Al couldn’t sleep the night before they left. She thought she heard the phone ring, then the doorbell. She sat in the bathroom, then back in bed. She scrubbed her face, washed it again, then lay back down. She heard the clock strike twelve, twelve thirty, one, one thirty. She thought she heard planes flying low and wondered if they were war planes. She heard cocks crowing. The sea in Tyre had been beautiful; the water had looked inviting and the breeze had been so gentle.

They left while it was still dark, the camera around Al’s neck and rolls of film in her purse. The airport was closed, so they drove to Jounieh, stopping at checkpoints, driving by tanks, ducking in the car to avoid snipers. She held her breath and counted to ten, exhaled, then held her breath and counted again.

In Jounieh, at a store called “Artisan du Liban,” she bought two brass handheld mirrors she thought her mother would have liked. The brass formed an intricate ogee arch at the top. One mirror came in a colorful silk case striped with gold thread; the second had no cover, but hanging from its lower edge was a blue stone to thwart the evil eye.

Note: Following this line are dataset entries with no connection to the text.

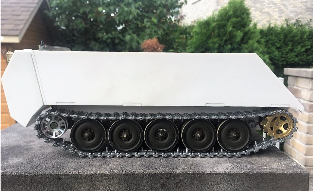 The mounting of the motors is quite unorthodox for an RC tank. Not sure you and I have ever seen something like this. Positioning trials were critical so that the drive shaft is placed with the least friction, then once the optimal position is found, the mounts are reinforced in place.
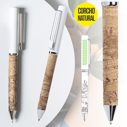 Bolígrafo de línea nature en combinación de corcho natural y metal. Con original clip metálico de acabado cromado, a juego con la punta y la anilla. Parte superior en color blanco, de mecanismo giratorio y con tinta azul. Presentado en caja individual de diseño eco.
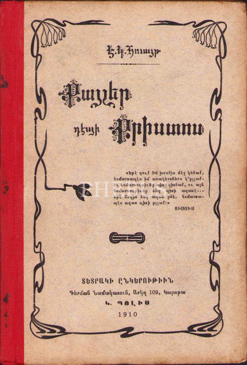 Ermenice Kitap: İsaya Doğru Adımlar [Kayler Tebi Krisdosi], E. G. Huayt, Dedrag Cemiyeti, İstanbul - 1910, 156 sayfa, 13x18 cm
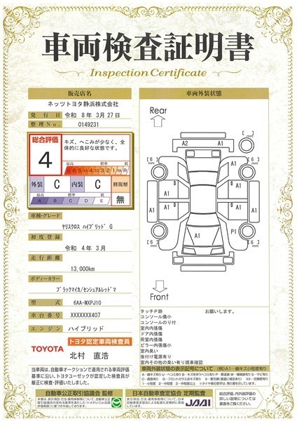 ※ 「修復歴あり」の場合、修復部位の詳細につきましては、販売店へお問い合わせください。

She looked out at takeoff, careful not to let the camera bang against the window. When it became dark, she searched for patterns of light over the cities. Sometimes she thought the lights just marked roads or rivers; sometimes she imagined they were veins; and sometimes they were sinewy neon scars. She watched until the lights grew faint and all she could see was her own face staring back at her in the window.

She looked at her watch. “Six o’clock, Beirut time . . . seven o’clock, eight o’clock, nine o’clock, Beirut time.”

They landed in West Berlin at ten-thirty German time; it was dark, but she could tell from her window seat that it was humid and cold, the type of humid coldness that sat in your bones and chilled your body.